After midnight, while Joey was going to bed, I teased and flirted through text, and I'm saying it upfront because we need to normalise women having physical desires and expressing them. This is also why y'all always see me posting about my toys on Instagram, because I would like it to be normal accepted behavior!! So, even though he had been completely gracious and made not a single move on me, I basically jumped him in bed. I would like to say, firstly, that doing stuff at 26 and 27 years old, and then doing it at a jump later at 31 and 32 years old, feels different, and it felt much better now. The good thing is Joey does what he says he will do (men need to underpromise and overdeliver), so even though it was daytime in Singapore time and I should have been awake, he induced me to sleep without even any external.... appliances. HAHAHA I amuse myself so much does anyone else even appreciate me making a clown of myself?????? 

While we were both drifting in and out of sleep (we only had like three hours of sleep between the time we actually went to sleep and the time we had to wake up for my flight to Vancouver), I counted the number of times we both had the sleep jerk. You know, when you're falling asleep-asleep, sometimes you kinda have a little spasm when you actually fall asleep, I don't know why but last night, it preoccupied me to observe how many times we did it. Could have been because I'd already had a longass journey, and my brain needed something to do.

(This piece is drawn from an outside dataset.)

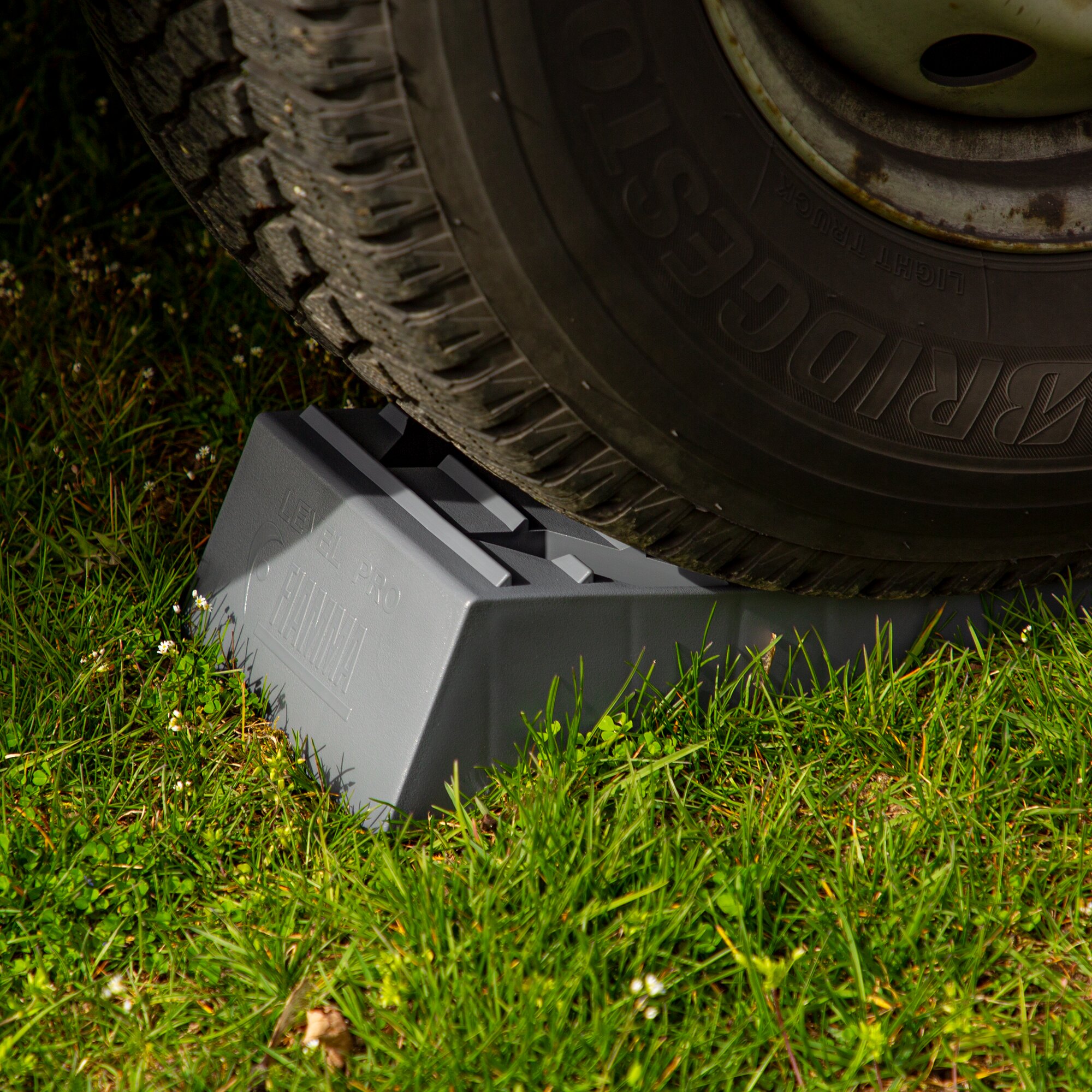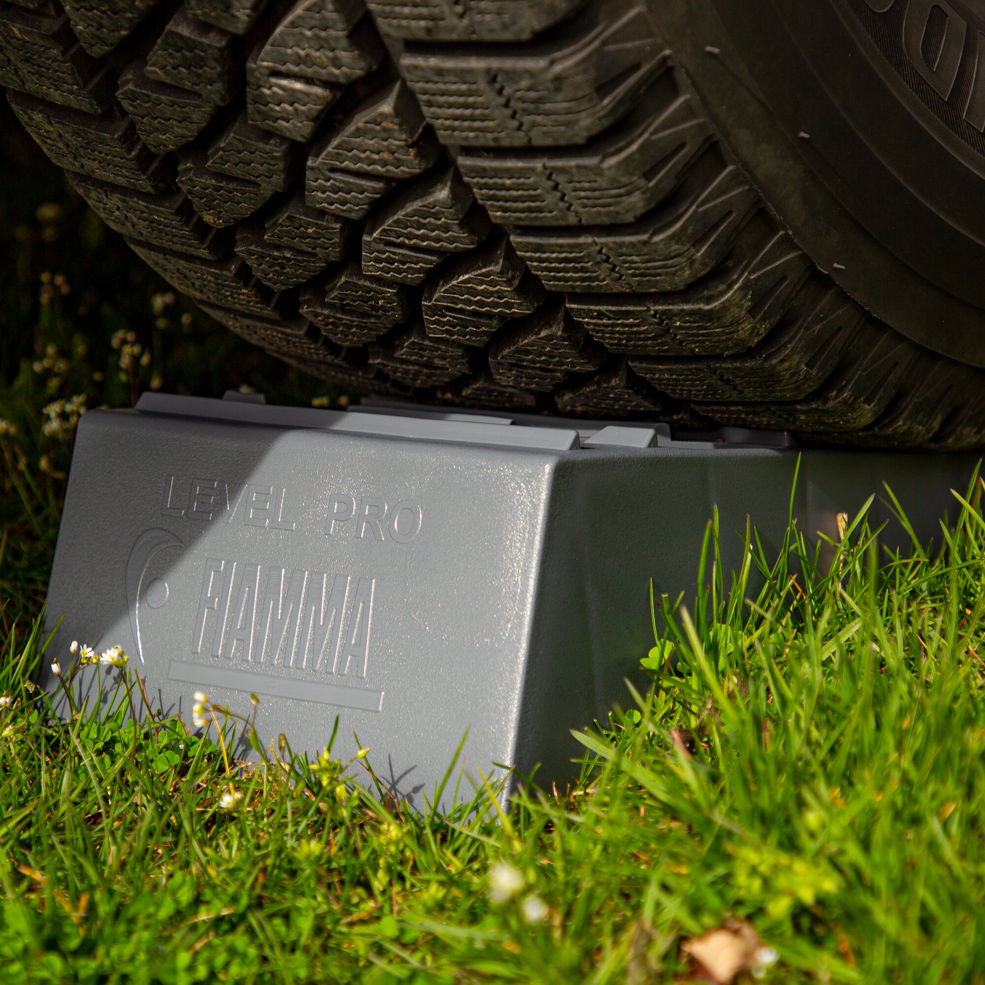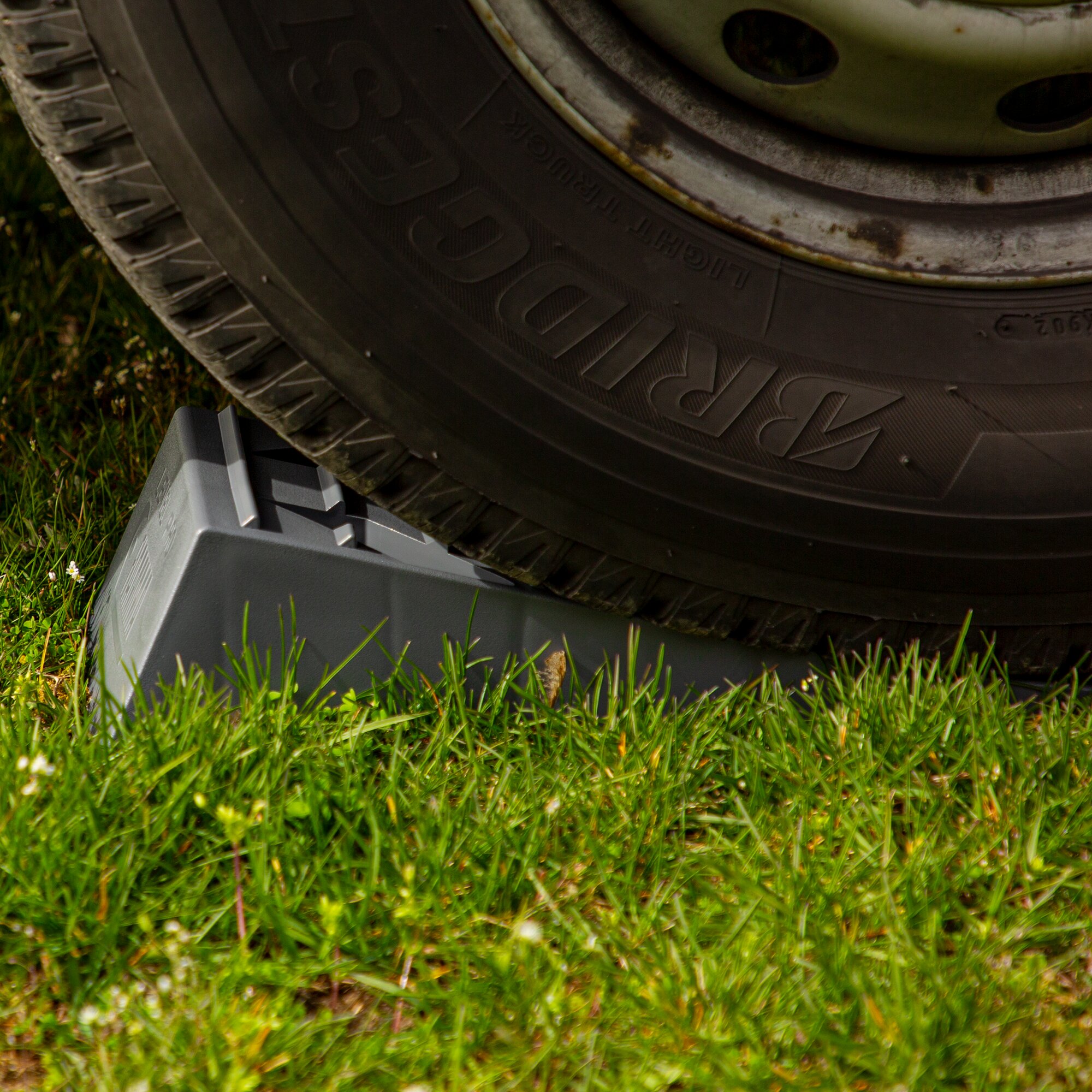 The compact levelling ramp, ideal for caravans and vans. Made of sturdy polyethylene HD, UV-resistant. Stacking system with self-locking latch. Anti-slip. Accessories (not included): Chock Level and Level Bag S.

I don't know what it is about Joey. I know I'm starting a new life in Vancouver and I'll meet new people, and you never know the kind of people you will fall in love with, but it's been five years, and he still has space in my heart, and it's been two years since New York, and I know I will always have a soft spot for Bennett. For all intents and purposes, Joey and I are not exactly compatible. I think we are similarly intelligent but in vastly different aspects and disciplines. He likes rockets and space exploration (I would have found it more appealing a couple decades ago when space was the final frontier but I currently find the urgent matter of climate change much more significant than men stroking their egos), and he likes racecars. I like social justice and mental health, the preservation of nature and waste management, etc. I could not give two and a half fucks about racecars. 

And yet. And yet, you could have a hundred, or no actually, a thousand people talk about coolant and engines and it would mean nothing to me, but if Joey talks about it, I would be mesmerised and learn something new. The pheromones he produces are attractive to the transmitters I have. It's so weird, you put me in a car or on a couch with Joey, and he could say something completely mundane and I will be smiling like an idiot. Isn't it fascinating?! I find it fascinating, because I try to attribute it to his voice, his hair, the actually ridiculous things he says, but someone else could have those same things and do the same things, and it all boils down to how our bodies react to each other chemically. I love how I have fun with Joey, like a lot of the time, I'm using my brain and thinking about how to change the world, but then Joey wants to watch a zombie show and make fun of it, and it's a joyful thing for me. What the fuck even????

It's been a long, long, longass journey, and I want it to end, as in I would like to reach my place and shower, and clean the fuck up. However, I am also full of love from all the love people keep sending me, from my family, from my friends, from my lovers and ex-lovers alike. I am receiving love in the form of money, in the form of words, in the form of time. I don't know where anything will lead me to, but these moments, these moments of love from all of you, they are enough. I am so full of joy and courage, and I'm ready.